The library alone and one small window on the ground floor were lit. I
crept up on the terrace and tried to peer in, but across each of the
library windows the curtains were too closely drawn. There remained the
small window at the end of the terrace. I crept on tiptoe towards this,
feeling my way through the darkness by the front of the house. Suddenly
I came to a full stop. I flattened myself against the stonework and
held my breath. Some one else was on the terrace. What I had heard was
unmistakable. It was the wind blowing amongst a woman's skirts, and the
woman was very close at hand.

I almost felt her warm breath as she stole past me. I caught a gleam of
a pale face, sufficient to tell me who she was. She passed on and took
up her stand outside that small end window.

I, too, crept nearer to it.--About a yard away there was a projection of
the front. I stole into the deep corner and waited. A few feet from me
I knew that she too was waiting.

Half an hour, perhaps an hour, passed. My ears became trained to all
sounds that were not absolutely deadened by the roar of the wind. I
heard the crash of falling boughs in the wood, the more distant but
unchanging thunder of the sea, the sharp spitting of the rain upon the
stone walk. And I heard the opening of the window by the side of which
I was leaning.

I was only just in time. Through the raised sash there came a hand,
holding a packet of some sort, and out of the darkness came another hand
eagerly stretched out to receive it. I brushed it ruthlessly aside,
tore the packet from the fingers which suddenly strove to retain it, and
with my other hand I caught the arm a little above the wrist. I heard
the flying footsteps of my fellow-watcher, but I did not even turn
round. A fierce joy was in my heart. Now I was to know. The veil of
mystery which had hung over the doings at Braster was to be swept aside.
I stooped down till my eyes were within a few inches of the hand. I
passed my fingers over it. I felt the ring--

Then I remember only that mad headlong flight back across the park,
where the very air seemed full of sobbing, mocking voices, and the
ground beneath my feet swayed and heaved. I could not even think
coherently. I heard the motor go tearing down the road past me, and
come to a standstill at the turn.
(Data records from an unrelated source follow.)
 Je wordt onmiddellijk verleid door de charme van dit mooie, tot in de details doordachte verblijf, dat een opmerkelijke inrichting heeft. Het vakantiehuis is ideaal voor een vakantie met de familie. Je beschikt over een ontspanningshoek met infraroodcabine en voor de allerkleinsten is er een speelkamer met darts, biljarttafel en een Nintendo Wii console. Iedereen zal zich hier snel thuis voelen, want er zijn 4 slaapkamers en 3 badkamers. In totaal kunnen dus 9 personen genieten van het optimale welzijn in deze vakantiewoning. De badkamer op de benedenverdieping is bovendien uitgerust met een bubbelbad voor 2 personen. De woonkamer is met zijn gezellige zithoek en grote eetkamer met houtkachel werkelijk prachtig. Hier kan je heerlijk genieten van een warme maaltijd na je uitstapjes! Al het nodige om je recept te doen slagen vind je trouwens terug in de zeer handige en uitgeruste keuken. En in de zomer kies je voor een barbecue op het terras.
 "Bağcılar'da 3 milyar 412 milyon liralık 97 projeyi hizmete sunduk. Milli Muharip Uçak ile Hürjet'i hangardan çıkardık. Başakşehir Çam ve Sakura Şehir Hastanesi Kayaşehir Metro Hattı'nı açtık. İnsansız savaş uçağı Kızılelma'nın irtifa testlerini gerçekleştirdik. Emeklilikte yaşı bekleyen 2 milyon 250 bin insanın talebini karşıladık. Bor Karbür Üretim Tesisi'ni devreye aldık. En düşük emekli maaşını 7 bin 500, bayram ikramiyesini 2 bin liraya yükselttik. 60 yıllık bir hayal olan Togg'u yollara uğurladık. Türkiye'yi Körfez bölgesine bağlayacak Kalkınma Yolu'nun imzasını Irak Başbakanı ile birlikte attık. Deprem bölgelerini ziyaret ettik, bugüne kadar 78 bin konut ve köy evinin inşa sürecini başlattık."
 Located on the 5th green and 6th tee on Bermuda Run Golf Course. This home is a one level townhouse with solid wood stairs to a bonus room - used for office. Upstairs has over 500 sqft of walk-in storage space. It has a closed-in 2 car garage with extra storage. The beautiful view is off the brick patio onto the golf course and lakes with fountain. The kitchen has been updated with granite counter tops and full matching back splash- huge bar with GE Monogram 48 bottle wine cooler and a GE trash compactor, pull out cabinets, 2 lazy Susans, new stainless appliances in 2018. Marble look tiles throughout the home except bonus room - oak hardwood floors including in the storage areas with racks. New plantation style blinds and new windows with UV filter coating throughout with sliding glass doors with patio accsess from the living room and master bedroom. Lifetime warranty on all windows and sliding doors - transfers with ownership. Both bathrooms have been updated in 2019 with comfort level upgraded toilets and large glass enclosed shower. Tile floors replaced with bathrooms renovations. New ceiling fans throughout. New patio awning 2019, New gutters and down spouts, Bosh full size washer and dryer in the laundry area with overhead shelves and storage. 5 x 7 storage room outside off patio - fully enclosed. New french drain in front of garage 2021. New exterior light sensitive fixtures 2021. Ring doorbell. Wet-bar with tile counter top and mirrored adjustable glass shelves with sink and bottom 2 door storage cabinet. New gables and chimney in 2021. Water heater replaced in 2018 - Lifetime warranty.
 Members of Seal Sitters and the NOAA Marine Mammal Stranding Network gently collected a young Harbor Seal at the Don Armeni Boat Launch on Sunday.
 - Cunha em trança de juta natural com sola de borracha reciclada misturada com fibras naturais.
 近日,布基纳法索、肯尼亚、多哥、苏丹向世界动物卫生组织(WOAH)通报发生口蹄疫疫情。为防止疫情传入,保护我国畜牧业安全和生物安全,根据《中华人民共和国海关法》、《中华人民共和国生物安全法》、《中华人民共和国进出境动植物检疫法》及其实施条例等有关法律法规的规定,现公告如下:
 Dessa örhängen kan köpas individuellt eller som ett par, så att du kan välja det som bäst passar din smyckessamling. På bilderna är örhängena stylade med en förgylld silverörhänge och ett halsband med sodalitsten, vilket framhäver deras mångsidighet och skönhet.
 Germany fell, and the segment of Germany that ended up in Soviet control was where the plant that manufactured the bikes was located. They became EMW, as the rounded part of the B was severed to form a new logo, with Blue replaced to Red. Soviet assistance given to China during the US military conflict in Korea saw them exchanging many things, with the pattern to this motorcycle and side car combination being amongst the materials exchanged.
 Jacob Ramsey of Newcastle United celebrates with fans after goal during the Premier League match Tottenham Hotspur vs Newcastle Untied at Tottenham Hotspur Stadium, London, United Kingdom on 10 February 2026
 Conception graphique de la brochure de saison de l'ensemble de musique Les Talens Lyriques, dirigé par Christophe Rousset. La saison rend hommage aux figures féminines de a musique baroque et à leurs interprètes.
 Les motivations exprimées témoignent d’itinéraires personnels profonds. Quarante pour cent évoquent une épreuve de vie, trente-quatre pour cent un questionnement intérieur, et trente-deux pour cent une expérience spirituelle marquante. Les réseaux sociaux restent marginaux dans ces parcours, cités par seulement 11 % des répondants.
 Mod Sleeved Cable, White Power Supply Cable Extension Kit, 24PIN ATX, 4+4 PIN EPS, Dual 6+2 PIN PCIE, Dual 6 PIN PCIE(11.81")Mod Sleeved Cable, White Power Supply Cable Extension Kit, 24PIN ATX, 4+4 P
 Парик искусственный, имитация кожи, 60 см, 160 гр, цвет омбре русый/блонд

Still I had no thought of any danger.
It never occurred to me to leave the footpath and make my way back to
the "Brand," as I might well have done, by a more circuitous route. I
kept on the footpath, and just as I reached the little iron gate which
led into the spinney, I felt a man's arm suddenly flung around my neck,
and with a jerk I was thrown almost off my feet.

"He is here, madame," I heard a low voice say. "Take the papers from
him. I have him safe."

I think that my desperate humour lent me more than my usual strength.
With a fierce effort I wrenched myself free. Almost immediately I heard
the click of a revolver. "If you move," a low voice said, "I fire!"
"What do you want?" I asked. "The papers." I laughed bitterly. "Are
they worth my life?" I asked. "The life of a dozen such as you," the
man answered. "Quick! Hand them over."

Then I heard a little cry from the woman who had been standing a few
feet off. In the struggle I had lost my cap, and a faint watery moon,
half hidden by a ragged bank of black clouds, was shining weakly down
upon us.

"Guy," she cried, and her voice was shaking as though with terror.
"Guy, is that you?"

I lost my self-control. I forgot her sex, I forgot everything except
that she was responsible for this unspeakable corruption. I said
terrible things to her. And she listened, white--calm--speechless.
When I had finished she signed to the man to leave us. He hesitated,
but with a more peremptory gesture she dismissed him.

"Guy," she said, "you have not spared me. Perhaps I do not deserve it.
Now listen. The whole thing is at an end. Those few papers are all we
want. Your father is already in France. I am leaving at once. Give me
those papers and you will be rid of us for ever. If you do not I must
stay on until I have received copies of a portion of them, at any rate.
You know very well now that I can do this. Give me those that you have.
It will be safer--in every way."

"Give them to you?" I answered scornfully. "Are you serious?"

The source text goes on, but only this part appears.